The Truth about the Harry Quebert Affair

We assess a phenomenon


By Joël Dicker
Maclehouse Press, £20

Joël Dicker became Europe's publishing sensation of 2013 when his book La Vérité sur l'Affaire Harry Quebert sold more than a million copies in France. Now an international bestseller, it is likely to be the top holiday read this summer.

Dicker's novel is the story of two writers. Marcus Goldman is (like Dicker) still in his 20s. Goldman's first novel was a huge bestseller and now he's stuck on his follow-up book.

At this moment, his former college teacher, Harry Quebert, is charged with murdering 15-year-old Nola Kellergan, with whom he had fallen madly in love and who disappeared under mysterious circumstances 30 or so years earlier. Goldman goes back to the small town in New Hampshire, where he had gone to college, to try and clear his mentor's name.

It is not hard to see why The Truth About the Harry Quebert Affair has been such a hit in Europe. It is a real page-turner. The plot twists and turns with some intriguing revelations and gathers speed over the last hundred pages. It moves between the present and the past: 1975 when Nola disappears; 2008 when her body is found and Goldman returns to New England.

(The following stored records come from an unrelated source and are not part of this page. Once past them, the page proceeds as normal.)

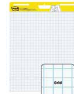
560 Easel Pad - Bluegrid Size: 25"x 30"x 30 Sheets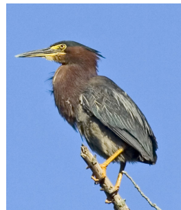
Green Heron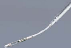
Telescopic, articulating probe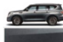
Gun Metallic Gray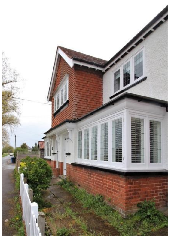
Nos.27 & 29 North Road

Nos.1-19 (Odd) North Road (Positive Unlisted Buildings). Balanced composition of five well preserved pairs of semidetached houses which were constructed to a largely uniform design c.1928. Rendered brick with horned plate-glass sash windows and plain tile roofs to porches and bay windows. Principal roof slopes of red pan tiles. Bay windows with sashes divided by mullions to the ground floors. The central pair of houses have additional embellishments including continuous wooden porches which also provide a roof for the ground floor bay windows. Partially glazed front doors. Red brick ridge stack rising from the spine wall between each pair of houses. Dwarf red brick boundary walls to frontage.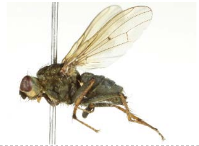
BIOUG05501-A07 [Lateral] Scathophaga stercoraria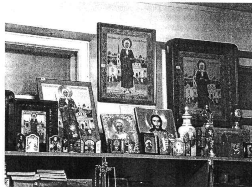
Illustration 9.2. Icons in a church shop at the Smolensk Cemetery.

Among more than 70 holy images of St. Xenia collected by worshippers of the saint on the web site www.xenia-spb.narod.ru , 23 only one icon depicts Xenia in her husband's military uniform. 24 The Church (if one can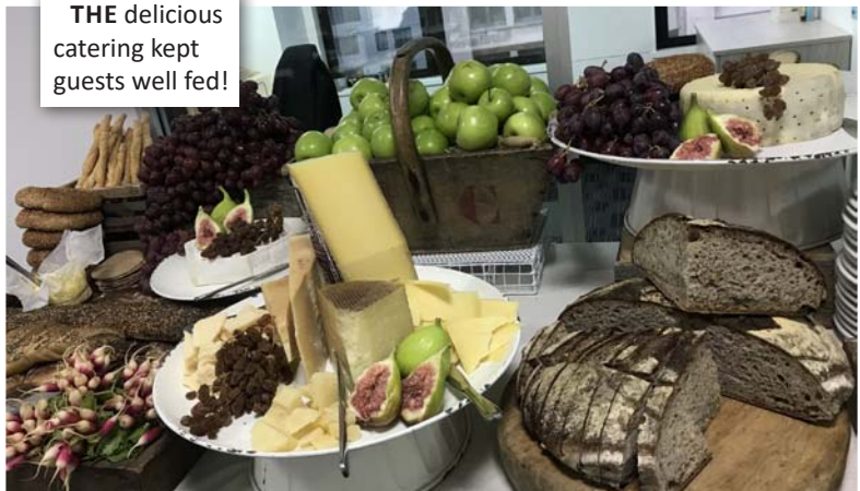
THE delicious catering kept guests well fed!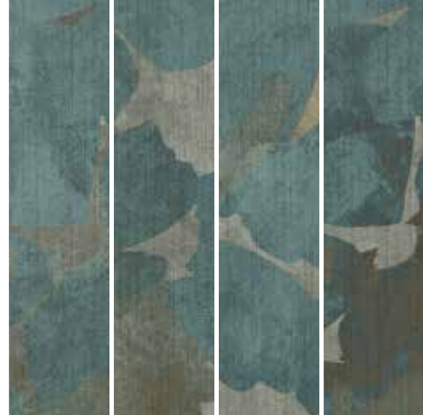
SP6_259-161 25 cm x 1 m planks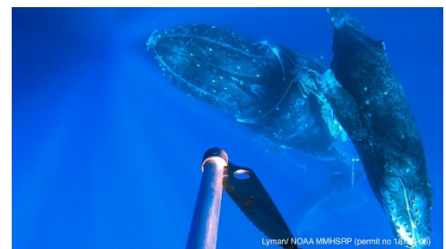
Sanctuary staff cut a humpback whale free of an entangling rope.

The sanctuary marked its 20th anniversary leading a community-based Large Whale Entanglement Response Network that has freed more than 40 whales, while garnering valuable information to help mitigate this global threat. The 20th season was the sanctuary's busiest, with staff removing more than 3,400 feet of entangling gear in 12 on-water responses benefiting six whales over two months. Sanctuary staff also completed their 18th seasonal detail, conducting 115 large whale entanglement response trainings in Alaska, the principal feeding ground for the same humpback whales that breed and calve in Hawai'i's sanctuary waters.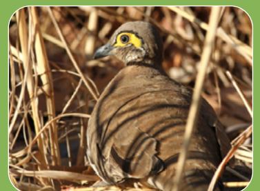
Purple-crowned Fairywren, Double-barred Finch, Black Grasswren, Kimberley Honeyeater, and Partridge Pigeon.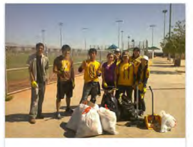
April 26, 2013 @ Lorenzi Park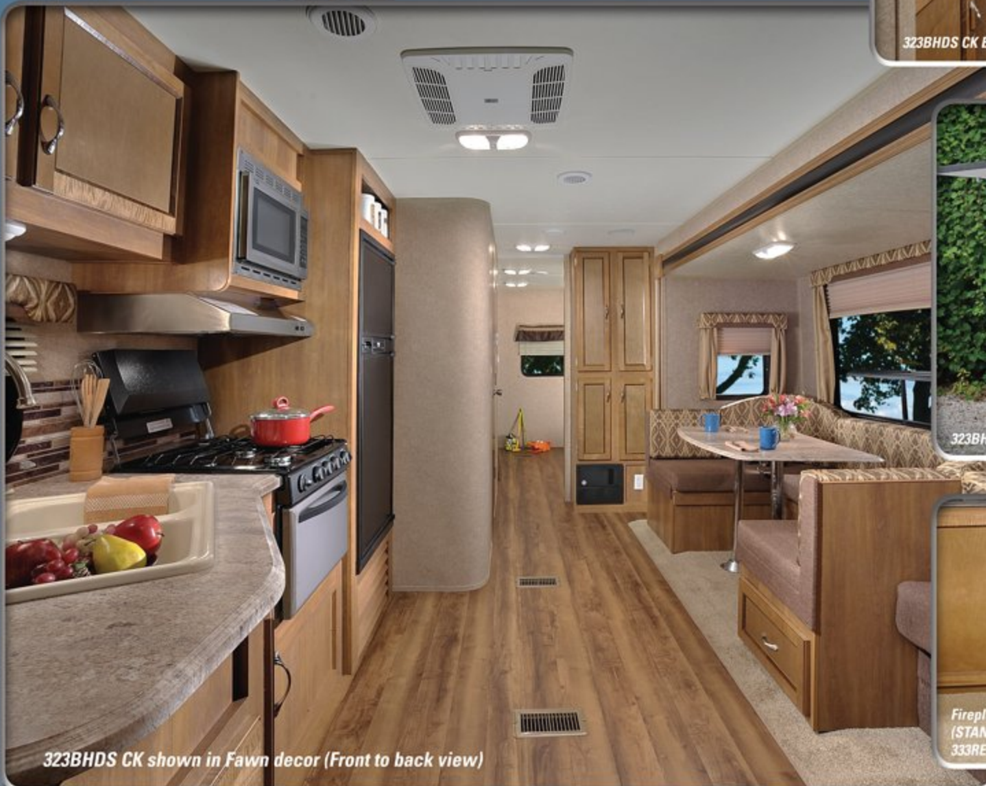
323BHDS CK shown in Fawn decor (Front to back view)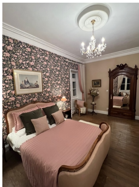
The Josephine Suite

Our château bedroom suites comprise a double, or twin bedroom, with an ensuite, or dedicated shower room. Please note that several suites are situated on 2 nd floor of the château which has 76 stairs and no lift!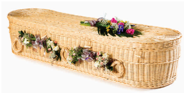
Willow Cromer is a round ended coffin with gently tapered sides handcrafted from Willow. Cromer is available in Natural or Light with woven willow handles and toggle fasteners.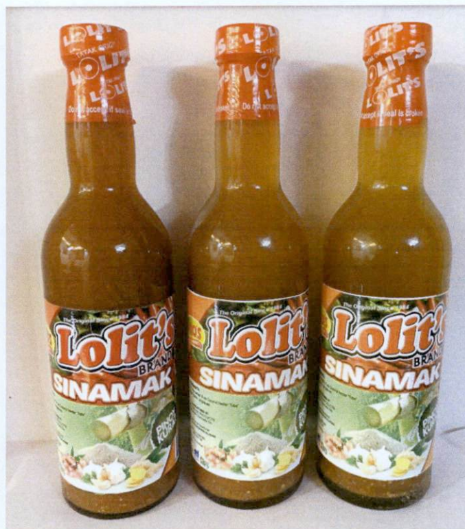
Figure 5. Unregistered LOLIT'S Sinamak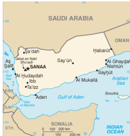
A map of Yemen.

leadership of Husayn's younger half-brother, Abdul Malik. 6 By the sixth war in 2009, an aura of invincibility surrounded Huthi fighters as they pushed the fighting beyond Yemen's borders. In November 2009, the Saudi Arabian military intervened to support the Yemeni government in its fight with the Huthis. 7 Three months later, the Huthis accepted a Qatari-negotiated cease-fire that teetered along during the following year. 8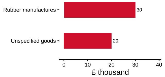
The top 2 UK goods imports, in the four quarters to the end of Q4 2024, from Pitcairn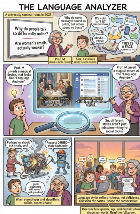
Figure 1: NLP [1]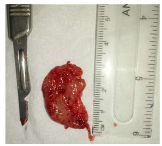
Figure 6 The whole cyst

Histopathologically revealed presence of varying thickness of epithelium with fibro cellular connective stroma. At higher magnification, the epithelium was disrupted with infiltration of chronic inflammatory cells along with vacuolations within the epithelium. Connective tissue showed dense infiltration of lymphocytes and plasma cells with few macrophages (Figure 7). A diagnosis of radicular cyst was given.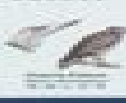
Wild Turkey Turkey Vulture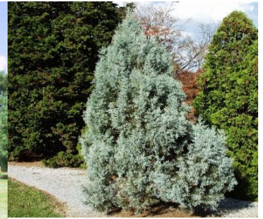
Juniperus osteosperma Utah Juniper

Very slow growing, hardy in drought and wind. Light: Full Sun to Part Shade Height: 15' – 20' Spread: 8' – 12' Type: Native Evergreen Growth Rate: Slow Water Demand: Xeric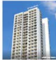
CODENAME ENCHANTED, THANE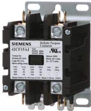
Contactor, 42DP,40A,2P,Open,277 Contactor, 42DP,40A,2P,Open,277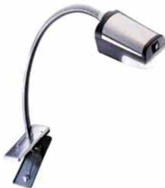
GL-03 18" STAINLESS STEEL 4 LED GRILL LIGHT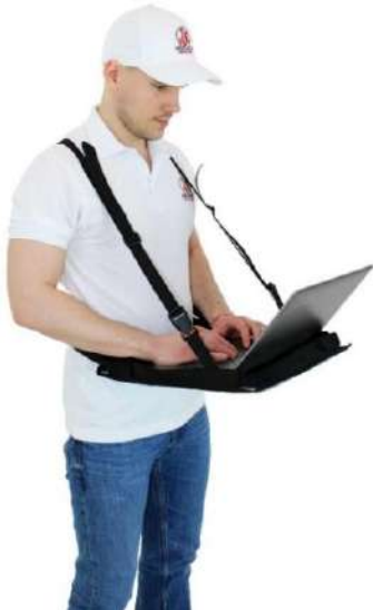
Belt System Standard Model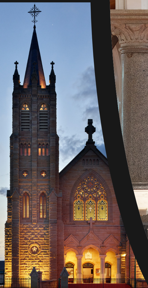
On show after 95 years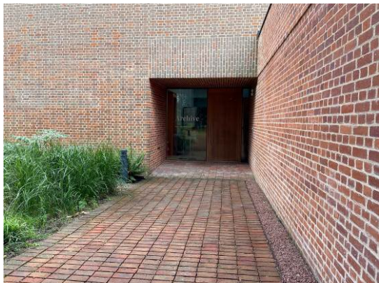
33 Archive entrance

The Archive is linked to the main site by a level brick path with a gentle slope into the building itself. It is open for talks Thursday to Saturday at 12:15, 14:00 and 15:00. Talks take place in the foyer and seating is available. Talks are included in the admission charge.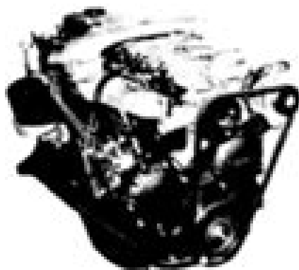
Vistas exteriores del motor 11Z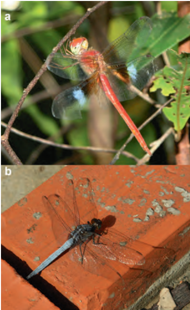
Figure 16. Males of common libellulids at Koh Rong Island: a – Tholymis tillarga at locality KR2; b – Orthetrum glaucum at locality KR1.

It is not hard to see why it has been such a hit in Europe

Dicker has chosen his setting well: small-town America, complete with diner, college, seaside, dark impenetrable forest and our old friend, the long hot summer. Dicker fills his small town with a cast of familiar characters, all with dark secrets to hide. Think The Killing meets Twin Peaks, both about a young girl who disappears mysteriously from a town full of gothic characters.

However, unlike these TV series, Dicker has added a literary cleverness to draw in another kind of reader. His novel is full of knowing literary references, to Lolita (of course) and Philip Roth's The Human Stain, among others. Quebert's lawyer is called Roth and, like Coleman Silk in Roth's book, he was an avid boxer in his youth, became a college teacher at a small establishment in New England and is an outsider in a community which seems warm and friendly but under the surface is full of menace. Harry Quebert himself has echoes of Nabokov's Humbert Humbert, just as Lola has echoes of Lolita.

But Lolita and The Human Stain are great novels, beautifully written. Dicker's book is a middlebrow thriller, sensationalist, melodramatic, and implausible, leading the reader to suspect one character after another before moving on. Not one of the characters is truly engaging, least of all the two central protagonists, Goldman and Quebert. They are not Laura Palmer or Dale Cooper, let alone Lolita or Coleman Silk. As for the Jewish mother, you could (maybe should) skip the scenes where she appears.

International bestsellers (think Dan Brown, Jurassic Park, The Name of the Rose) are often lowbrow playing at being highbrow; Dicker does the same. It is a crowd-pleaser but, in the end, nothing more. Yet, like his hero, Marcus Goldman, there is no denying that Joël Dicker has hit the jackpot at his very first attempt.